Tuesday, August 6th, 2024

After graduating from the University of California, Robert McNamara went to the Harvard Graduate School of Business for two years and then went back to San Francisco, as he explains in Fog of War:

I began to court this young lady that I’d met when we were 17 in our first week at Berkley: Margaret Craig. And I was making some progress after eight or nine months. I proposed and she accepted.

She went with her aunt and her mother on a trip across the country. She telegraphed me?”Must order engraved invitations to include your middle name, what is it?”

And I wired back, “My middle name is ‘Strange.’”

And she said “I know it’s ‘strange,’ but what is it?”

“Well, I mean it is ‘Strange,’ it’s ‘Robert Strange McNamara.’”

And it was a marriage made in heaven. At the end of a year we had our first child. The delivery costs were $100, and we paid that $10 a month. Those were some of the happiest days of our life.

And then the war came.

I’d been promoted to assistant professor. I was the youngest assistant professor at Harvard — and a salary by the way of $4000 a year. Harvard business school’s market was drying up. The males were being drafted or volunteering. So the Dean, being farsighted, brought back a government contract to establish an officer candidate school for what was called “Statistical Control” in the Air Force.

We said to the Air Force, “Look, we’re not going to take anybody you send up here. We’re going to select the people. You have a punch card for every human being brought into the Air Corps. We’re going to run those cards through the IBM sorting machines, and we’re going to sort on age, education, accomplishments, grades, etc.” We were looking for the best and the brightest. The best brains, the greatest capacity to lead, the best judgment.

The U.S. was just beginning to bomb. We were bombing by daylight. The loss rate was very, very high, so they commissioned a study. And what did we find? We found the abort rate was 20%. 20% of the planes that took off to bomb targets in Germany turned around before they got to their target. Well that was a hell of a mess. We lost 20% of our capability right there.
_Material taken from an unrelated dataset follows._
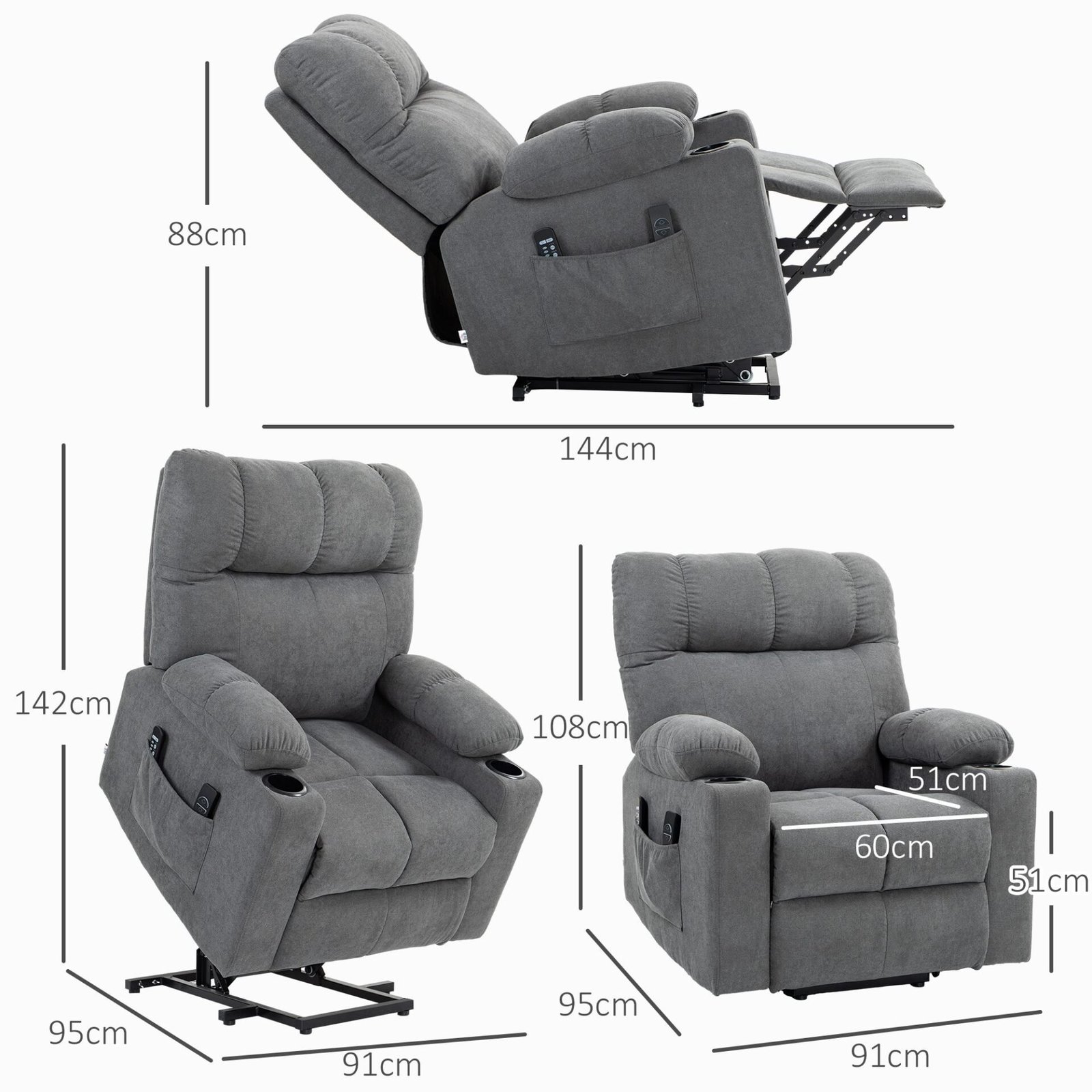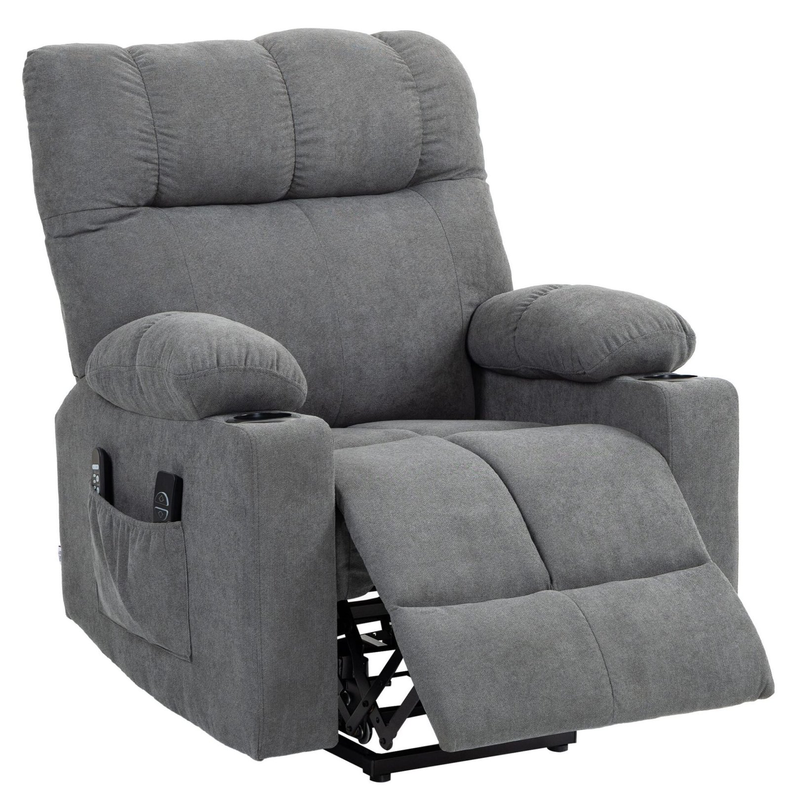 Atsipalaidavimo būdas pasikeis amžiams, dėka šio televizoriaus krėslo su pakėlimo funkcija. Padėkite kojas ant įmontuoto kojų atramos ir nustatykite atlošą į mėgstamą padėtį – atsiloškite, žiūrėkite televizorių ar nusnūskite. Ilsėsitės ant storai paminkštinto, minkšto audinio, o aštuoni poilsio krėslo masažo taškai padės sumažinti raumenų įtampą.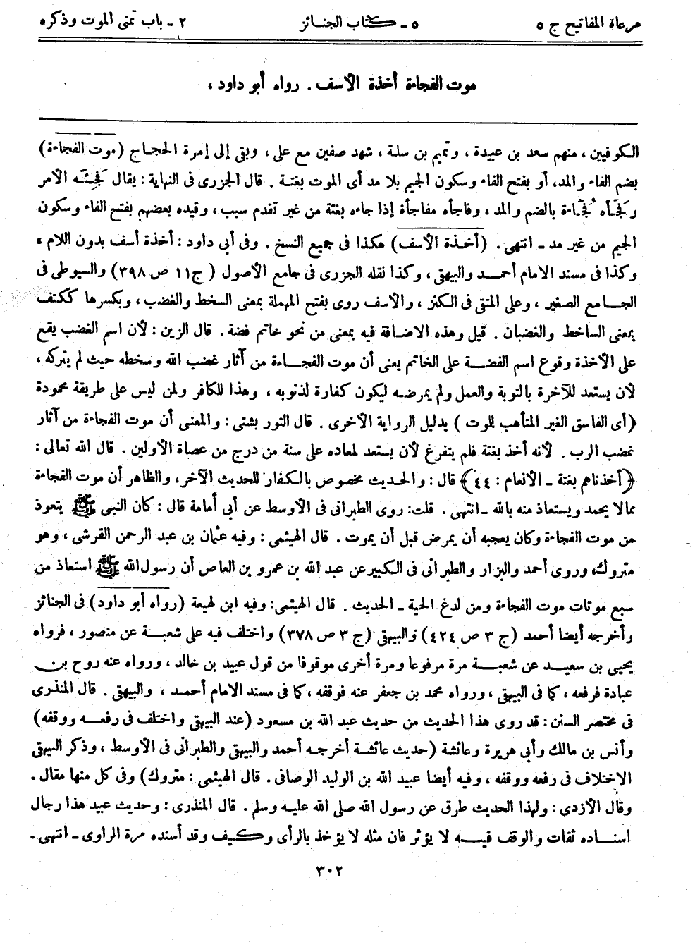 الكوفيين، منهم سعد بن عبيدة، وتميم بن سلمة، شهد صفين مع علي، وبقي إلى إمرة الحجاج (موت الفجاءة) بضم الفاء والمد، أو بفتح الفاء وسكون الجيم بلا مد أي الموت بغتة. قال الجزري في النهاية: يقال فَجِئَه الأمر وَفَجأهُ فَجاءة بالضم والمد، وفاجأه مفاجأة إذا جاءه بغتة من غير تقدم سبب، وقيده بعضهم بفتح الفاء وسكون الجيم من غير مد- انتهى. (أخذة الأسف) هكذا في جميع النسخ. وفي أبي داود: أخذة أسف بدون اللام، وكذا في مسند الإمام أحمد والبيهقي، وكذا نقله الجزري في جامع الأصول (ج11ص398) والسيوطي في الجامع الصغير، وعلى المتقى في الكنز، والأسف روى بفتح المهملة بمعنى السخط والغضب، وبكسرها ككتف بمعنى الساخط والغضبان. قيل وهذه الإضافة فيه بمعنى من نحو خاتم فضة. قال الزين: لأن اسم الغضب يقع على الأخذة وقوع اسم الفضة على الخاتم يعني أن موت الفجاءة من آثار غضب الله وسخطه حيث لم يتركه، لأن يستعد للآخرة بالتوبة والعمل ولم يمرضه ليكون كفارة لذنوبه، وهذا للكافر ولمن ليس على طريقة محمودة (أي الفاسق الغير المتأهب للموت) بدليل الرواية الأخرى. قال التوربشتي: والمعنى أن موت الفجاءة من آثار غضب الرب. لأنه أخذ بغتة فلم يتفرغ لأن يستعد لمعاده على سنة من درج من عصاة الأولين. قال الله تعالى: {أخذناهم بغتة} [الأنعام: 44] قال: والحديث مخصوص بالكفار للحديث الآخر، والظاهر أن موت الفجاءة مما لا يحمد ويستعاذ منه بالله- انتهى. قلت: روى الطبراني في الأوسط عن أبي أمامة قال: كان النبي - صلى الله عليه وسلم - يتعوذ من موت الفجاءة وكان يعجبه أن يمرض قبل أن يموت. قال الهيثمي: وفيه عثمان بن عبد الرحمن القرشي، وهو متروك، وروى أحمد والبزار والطبراني في الكبير عن عبد الله بن عمرو بن العاص أن رسول الله - صلى الله عليه وسلم - استعاذ من سبع موتات موت الفجاءة ومن لدغ الحية- الحديث. قال الهيثمي: وفيه ابن لهيعة (رواه أبوداود) في الجنائز وأخرجه أيضاً أحمد (ج3ص424) والبيهقي (ج3ص378) واختلف فيه على شعبة عن منصور، فرواه يحيى بن سعيد عن شعبة مرة مرفوعاً مرة أخرى موقوفاً من قول عبيد بن خالد، ورواه عنه روح بن عبادة فرفعه، كما في البيهقي، ورواه محمد بن جعفر عنه فوقفه، كما في مسند الإمام أحمد، والبيهقي. قال المنذري في مختصر السنن: قد روى هذا الحديث من حديث عبد الله بن مسعود (عند البيهقي واختلف في رفعه ووقفه) وأنس بن مالك وأبي هريرة وعائشة (حديث عائشة أخرجه أحمد والبيهقي والطبراني في الأوسط، وذكر البيهقي الاختلاف في رفعه ووقفه، وفيه أيضاً عبيد الله بن الوليد الوصافي. قال الهيثمي: متروك) وفي كل منها مقال. وقال الأزدي: ولهذا الحديث طرق عن رسول الله صلى الله عليه وسلم. قال المنذري: وحديث عبيد هذا رجال إسناده ثقات والوقف فيه لا يؤثر فإن مثله لا يؤخذ بالرأي وكيف وقد أسنده مرة الراوي- انتهى.

The form — I think it was form 1—A or something like that — was a mission report. And if you aborted a mission you had to write down why. So we get all these things and we analyze them, and we finally concluded it was baloney. They were aborting out of fear.

Because the loss rate was 4% per sortie, the combat tour was 25 sorties. It didn’t mean that 100% of them were going to be killed, but a hell of a lot of them were going to be killed. They knew that and they found reasons to not go over the target. So we reported this.

One of the commanders was Curtis LeMay, Colonel in command of a B—24 group. He was the finest combat commander of any service I came across in war. But he was extraordinarily belligerent, many thought brutal. He got the report. He issued an order. He said, “I will be in the lead plane on every mission. Any plane that takes off will go over the target, or the crew will be court—marshaled.” The abort rate dropped over night.
Now that’s the kind of commander he was.

Comments

  1. Slovenian Guest says:

    McNamara, whose understanding of the enemy never got beyond an accounting of production. The strictures of technowar did not allow war managers to include social relationships, cultural and historical factors, or the motivations and strategies of the guerrilla and revolutionary forces they faced on the ground in their calculus of the war. To paraphrase The Perfect War: Technowar in Vietnam by James William Gibson.

  2. Bob Sykes says:

    Curtis Lemay, BCE ca. 1932, The Ohio State University. His portrait hangs on the wall of famous civil engineering alumni in Hitchcock Hall, 4th floor.

    One of the best war films is “Twelve O’Clock High,” starring Gregory Peck. Its focus and theme is battle fatigue.